Information provided
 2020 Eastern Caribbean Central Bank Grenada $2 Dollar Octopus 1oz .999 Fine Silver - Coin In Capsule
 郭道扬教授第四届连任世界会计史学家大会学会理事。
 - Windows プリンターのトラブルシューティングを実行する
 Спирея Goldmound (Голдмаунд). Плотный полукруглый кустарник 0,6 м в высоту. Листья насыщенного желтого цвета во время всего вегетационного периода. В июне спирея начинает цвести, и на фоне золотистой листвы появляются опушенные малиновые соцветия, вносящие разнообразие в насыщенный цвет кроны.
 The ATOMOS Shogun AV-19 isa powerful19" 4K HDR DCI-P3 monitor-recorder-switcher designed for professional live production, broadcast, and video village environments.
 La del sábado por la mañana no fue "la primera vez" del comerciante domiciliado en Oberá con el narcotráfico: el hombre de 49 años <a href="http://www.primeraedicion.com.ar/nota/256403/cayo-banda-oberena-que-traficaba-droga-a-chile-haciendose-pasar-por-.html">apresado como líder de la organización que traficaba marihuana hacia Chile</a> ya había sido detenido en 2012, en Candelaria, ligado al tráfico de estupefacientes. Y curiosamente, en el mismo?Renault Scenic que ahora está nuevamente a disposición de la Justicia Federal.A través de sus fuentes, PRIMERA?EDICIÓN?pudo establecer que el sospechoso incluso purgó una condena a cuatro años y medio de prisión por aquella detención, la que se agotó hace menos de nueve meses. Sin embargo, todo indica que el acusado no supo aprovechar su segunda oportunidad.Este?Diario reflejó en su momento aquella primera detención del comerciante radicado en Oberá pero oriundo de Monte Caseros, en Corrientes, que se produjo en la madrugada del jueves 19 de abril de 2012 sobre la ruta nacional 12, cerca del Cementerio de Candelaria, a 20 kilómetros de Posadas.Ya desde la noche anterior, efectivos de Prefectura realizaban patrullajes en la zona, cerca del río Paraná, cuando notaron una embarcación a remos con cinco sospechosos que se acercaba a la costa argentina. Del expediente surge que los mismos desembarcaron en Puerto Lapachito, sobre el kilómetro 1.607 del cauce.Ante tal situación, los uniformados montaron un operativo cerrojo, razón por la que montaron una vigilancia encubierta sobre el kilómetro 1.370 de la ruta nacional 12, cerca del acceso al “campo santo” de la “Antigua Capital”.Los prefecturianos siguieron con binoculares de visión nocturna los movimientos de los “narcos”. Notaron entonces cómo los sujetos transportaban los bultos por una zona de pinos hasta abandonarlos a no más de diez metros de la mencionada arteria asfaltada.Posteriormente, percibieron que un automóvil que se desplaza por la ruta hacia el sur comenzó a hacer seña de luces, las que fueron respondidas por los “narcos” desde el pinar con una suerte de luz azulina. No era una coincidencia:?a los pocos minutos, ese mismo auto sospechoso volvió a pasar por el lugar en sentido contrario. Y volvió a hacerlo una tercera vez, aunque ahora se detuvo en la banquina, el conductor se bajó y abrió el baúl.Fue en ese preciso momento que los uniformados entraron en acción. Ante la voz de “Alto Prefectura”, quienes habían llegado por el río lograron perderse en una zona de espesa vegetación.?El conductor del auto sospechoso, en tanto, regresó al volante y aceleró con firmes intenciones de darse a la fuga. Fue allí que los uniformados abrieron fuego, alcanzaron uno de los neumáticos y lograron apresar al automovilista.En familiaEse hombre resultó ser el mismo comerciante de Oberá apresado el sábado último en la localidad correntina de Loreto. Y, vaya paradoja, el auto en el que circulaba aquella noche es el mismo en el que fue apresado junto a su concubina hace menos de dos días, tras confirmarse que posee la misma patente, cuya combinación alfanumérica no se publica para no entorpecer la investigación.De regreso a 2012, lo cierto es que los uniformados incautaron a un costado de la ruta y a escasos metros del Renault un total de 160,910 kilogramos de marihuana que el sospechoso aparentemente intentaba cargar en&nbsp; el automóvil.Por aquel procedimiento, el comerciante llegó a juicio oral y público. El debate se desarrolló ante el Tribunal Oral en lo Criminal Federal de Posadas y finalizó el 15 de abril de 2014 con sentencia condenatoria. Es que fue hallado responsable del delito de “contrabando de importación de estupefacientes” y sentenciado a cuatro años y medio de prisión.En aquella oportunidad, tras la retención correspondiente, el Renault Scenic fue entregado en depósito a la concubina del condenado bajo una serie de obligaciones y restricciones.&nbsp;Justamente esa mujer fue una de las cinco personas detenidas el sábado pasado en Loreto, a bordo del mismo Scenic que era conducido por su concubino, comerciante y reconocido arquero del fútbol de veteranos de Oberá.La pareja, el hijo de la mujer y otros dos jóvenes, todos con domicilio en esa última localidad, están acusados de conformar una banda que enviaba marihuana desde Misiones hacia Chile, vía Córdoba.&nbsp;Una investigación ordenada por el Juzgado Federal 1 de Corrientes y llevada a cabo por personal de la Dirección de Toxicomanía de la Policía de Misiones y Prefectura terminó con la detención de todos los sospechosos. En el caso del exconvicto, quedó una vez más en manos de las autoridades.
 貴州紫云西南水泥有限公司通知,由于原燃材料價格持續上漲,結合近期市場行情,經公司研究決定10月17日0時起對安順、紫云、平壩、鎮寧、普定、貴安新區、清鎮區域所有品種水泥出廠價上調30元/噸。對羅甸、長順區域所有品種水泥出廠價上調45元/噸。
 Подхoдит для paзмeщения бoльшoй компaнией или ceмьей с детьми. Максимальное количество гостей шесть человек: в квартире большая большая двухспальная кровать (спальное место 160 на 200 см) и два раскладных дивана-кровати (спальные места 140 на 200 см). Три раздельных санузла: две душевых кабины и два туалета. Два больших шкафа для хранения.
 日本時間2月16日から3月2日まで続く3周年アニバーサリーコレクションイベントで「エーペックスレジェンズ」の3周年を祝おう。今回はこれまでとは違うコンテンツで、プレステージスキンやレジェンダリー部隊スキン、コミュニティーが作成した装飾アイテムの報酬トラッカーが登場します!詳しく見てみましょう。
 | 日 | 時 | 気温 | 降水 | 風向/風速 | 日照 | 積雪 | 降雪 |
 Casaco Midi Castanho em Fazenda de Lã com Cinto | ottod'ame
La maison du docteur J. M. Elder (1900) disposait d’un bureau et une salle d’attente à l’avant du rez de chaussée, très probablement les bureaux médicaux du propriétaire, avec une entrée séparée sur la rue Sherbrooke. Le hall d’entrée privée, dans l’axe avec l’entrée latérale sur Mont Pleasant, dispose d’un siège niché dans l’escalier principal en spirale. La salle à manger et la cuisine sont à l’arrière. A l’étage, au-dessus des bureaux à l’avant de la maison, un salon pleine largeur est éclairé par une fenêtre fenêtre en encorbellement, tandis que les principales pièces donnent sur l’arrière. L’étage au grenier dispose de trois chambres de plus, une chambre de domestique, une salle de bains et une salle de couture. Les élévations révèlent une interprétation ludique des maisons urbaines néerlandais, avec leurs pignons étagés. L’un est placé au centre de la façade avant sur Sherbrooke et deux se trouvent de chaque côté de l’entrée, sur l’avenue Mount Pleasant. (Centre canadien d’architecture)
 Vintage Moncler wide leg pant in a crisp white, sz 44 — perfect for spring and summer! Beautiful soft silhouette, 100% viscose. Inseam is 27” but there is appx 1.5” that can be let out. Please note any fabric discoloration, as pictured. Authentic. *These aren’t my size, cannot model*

Work order
Out of the data above, give again only the lines starting at the one holding "- Windows プリンターのトラブルシューティングを実行する" and ending at the one holding "The ATOMOS Shogun", unchanged.

The completed task
 - Windows プリンターのトラブルシューティングを実行する
 Спирея Goldmound (Голдмаунд). Плотный полукруглый кустарник 0,6 м в высоту. Листья насыщенного желтого цвета во время всего вегетационного периода. В июне спирея начинает цвести, и на фоне золотистой листвы появляются опушенные малиновые соцветия, вносящие разнообразие в насыщенный цвет кроны.
 The ATOMOS Shogun AV-19 isa powerful19" 4K HDR DCI-P3 monitor-recorder-switcher designed for professional live production, broadcast, and video village environments.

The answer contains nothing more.